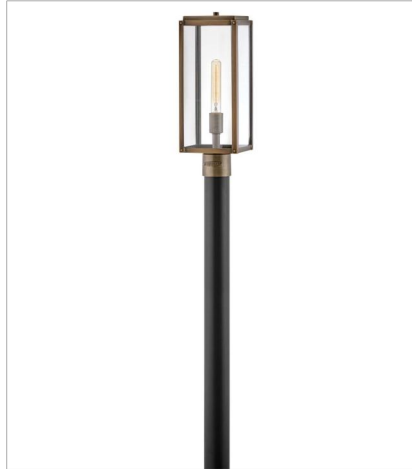
2591BU MEDIUM POST TOP OR PIER MOUNT LANTERN 7" W, 18.5" H Socketed 1-12w Med. LED, 100w Equiv.
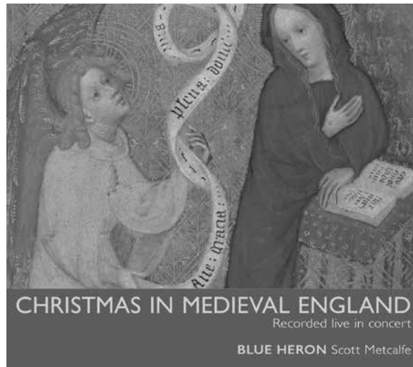
CHRISTMAS IN MEDIEVAL ENGLAND
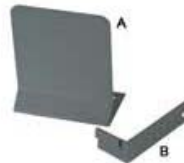
(A) AL2365 - Pill Card Ends, Set of 4 (B) 640622 - Punch Card Holders, Set of 3
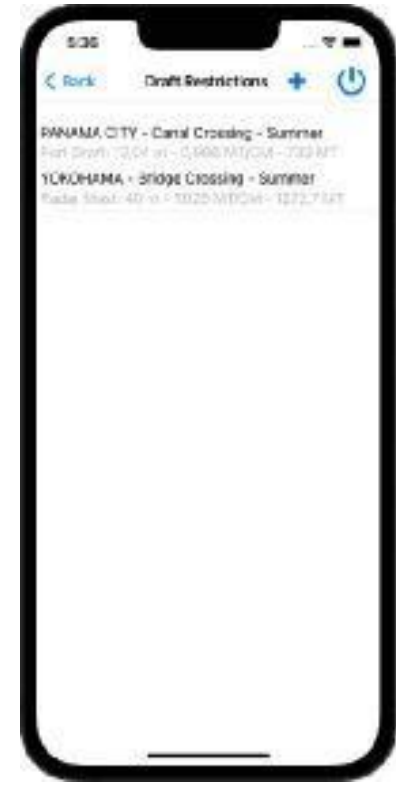
Chartering Case Restrictions

# WHAT TO DO:
Exact copy, pictures omitted: every line from the one holding "(A) AL2365 - Pill" through the last line of the data above, and nothing else.

# ANSWER TO THIS TASK:
(A) AL2365 - Pill Card Ends, Set of 4 (B) 640622 - Punch Card Holders, Set of 3
Chartering Case Restrictions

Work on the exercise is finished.